In a landmark development for regional language preservation, Assamese has been integrated into IIT Bombay’s AI platform BharatGen through a collaboration with two Guwahati-based NGOs. The move brings over two million pages of digitised Assamese content into the national AI initiative, making Assamese the tenth Indian language on the platform. Officials said this marks the first time Assamese has achieved such scale of AI readiness.

The integration is the outcome of the ‘Digitising Assam’ project by the Nanda Talukdar Foundation (NTF) and Assam Jatiya Bidyalay Trust, where volunteers digitised books, journals, manuscripts, and ancient Sachipats over 40 months, creating one of India’s largest citizen-led preservation efforts. BharatGen—India’s first government-funded multi-modal large language model spearheaded by IIT Bombay—aims to cover all 22 scheduled Indian languages and serve as an indigenous alternative to global AI platforms. Assamese’s inclusion ensures digital preservation, cultural safeguarding, and AI accessibility for the language in India’s growing tech ecosystem.

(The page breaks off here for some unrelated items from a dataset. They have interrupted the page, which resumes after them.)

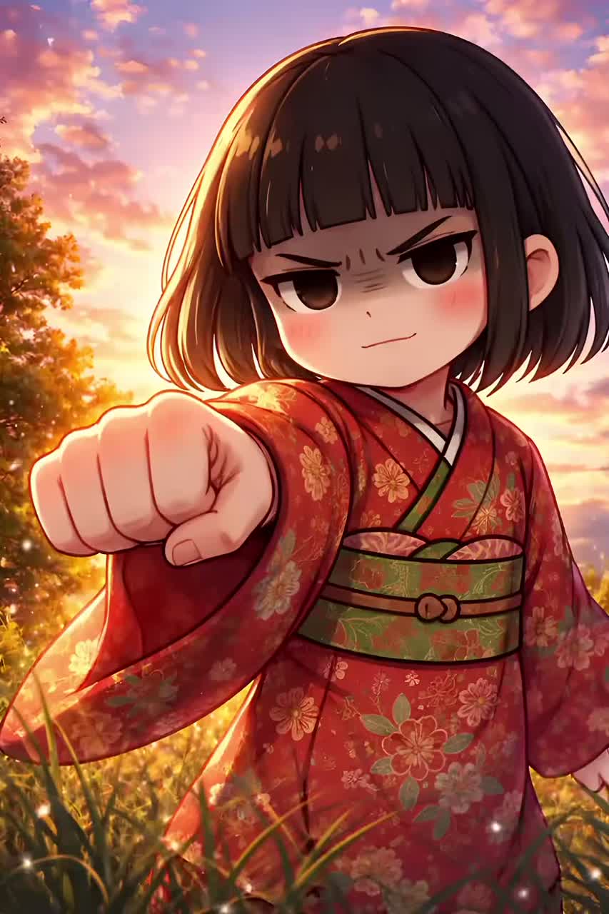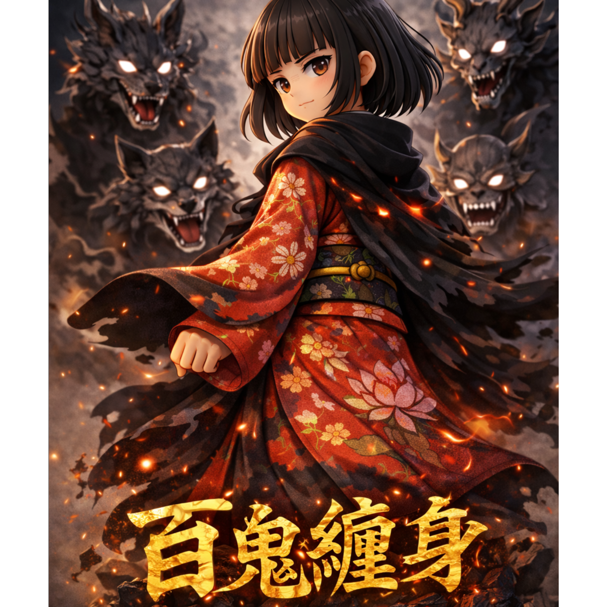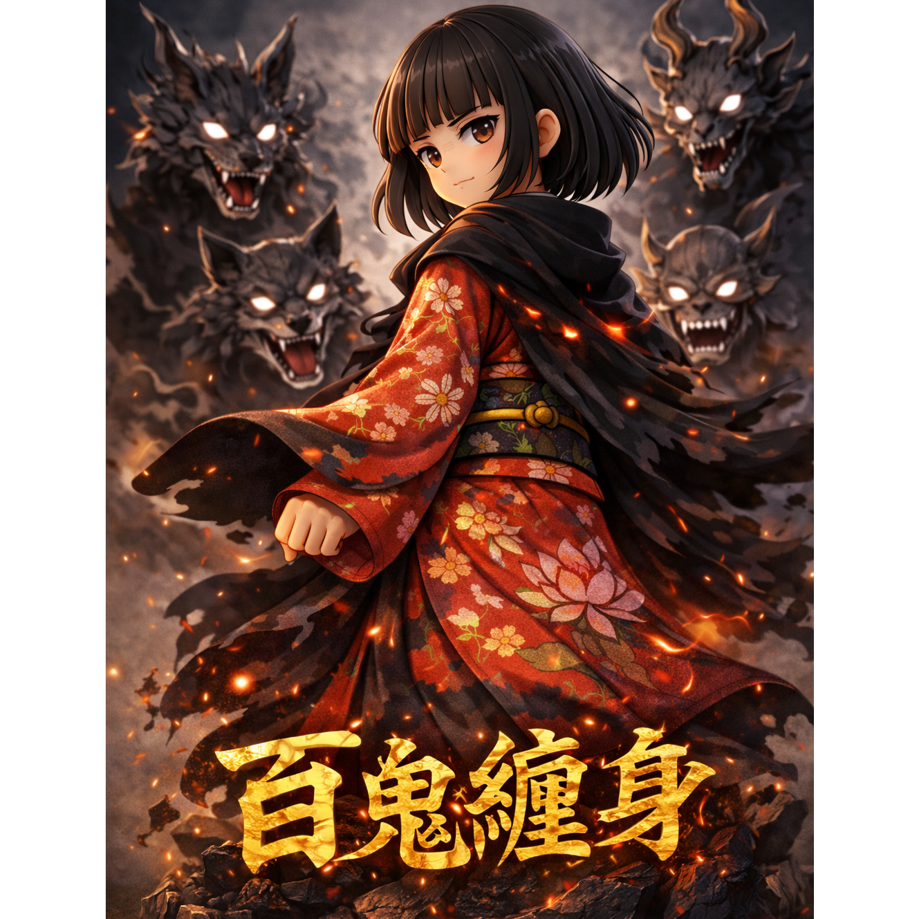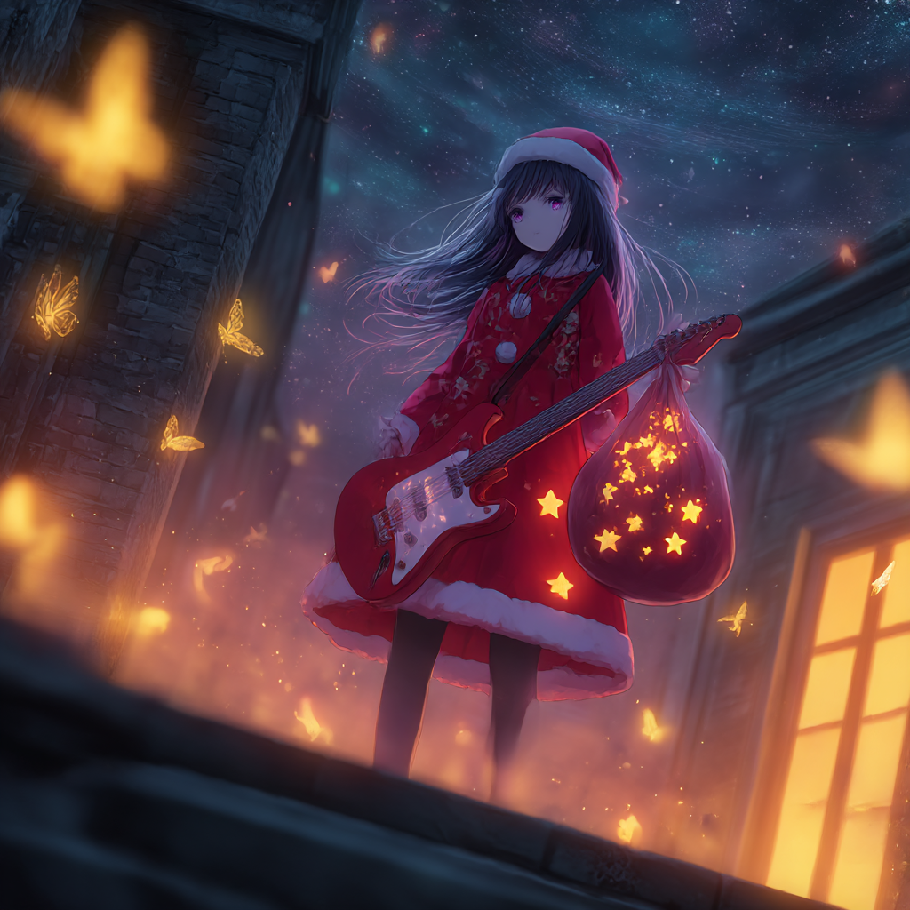 Powerful guitar riff, energetic rock, Japanese horror pop, cute but strong, chibi spirit, female vocal, fast tempo, uplifting, heroic, dark fantasy with hope, cinematic energy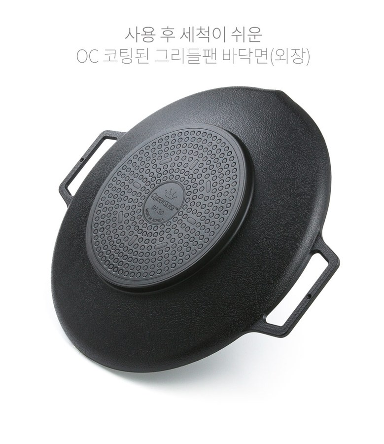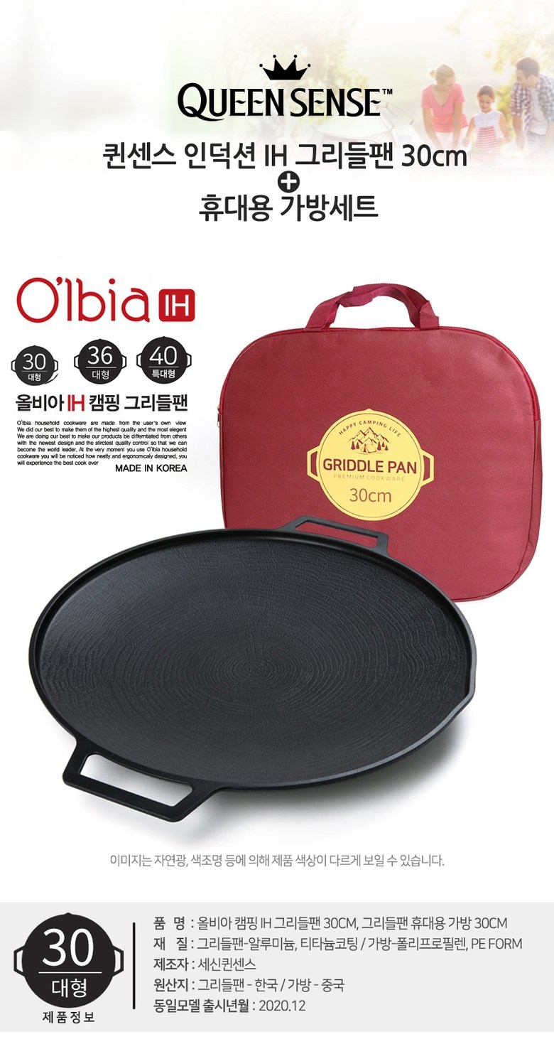 Queen Sense Titanium Coated Induction Camping Griddle Pan + Storage Bag + Handle, Griddle Pan 30cm + Bag + Handle / 퀸센스 티타늄코팅 인덕션 캠핑 그리들팬 +보관가방+손잡이, 그리들팬 30cm + 가방+손잡이
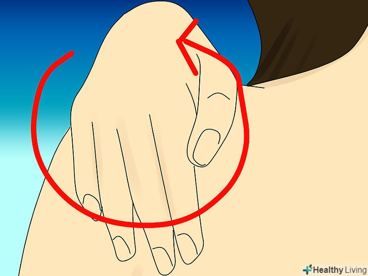 Здійснюйте м'які, кругові рухи. ви не повинні терти або шкребти шкіру. Краще робіть м'які, кругові рухи, щоб нанести засіб на спину. Занадто сильне розтирання шкіри призведе лише до того, що акне буде гоїтися довше, а також викличе появу шрамів. Крім того, це дратує шкіру, а вивільнені бактерії переміщаються з прища і вражають інші області. Пошкоджена шкіра також більш схильна до появи акне. [10]

Assam’s schools see a decline in dropout rates and an increase in enrolment and retention: UDISE+ 2024–25 report.

Assam has recorded significant gains in school education across key indicators, according to the UDISE+ 2024–25 report released by the Ministry of Education. Education Minister Ranoj Pegu, addressing the media in Guwahati on September 3, credited the state’s reforms—such as the AI-powered Shiksha Setu initiative and improved infrastructure—for reducing dropout rates, boosting enrolment, and strengthening retention at multiple levels. The lower primary dropout rate has fallen sharply from 6.2% to 3.8%, while secondary transitions and gross enrolment ratios have also improved. Marking Teacher’s Day, Pegu announced the Kriti Shikshak Awards for 15 teachers, and said six “A”-grade colleges would also be felicitated. He reiterated that recruitment would remain strictly within sanctioned vacancies.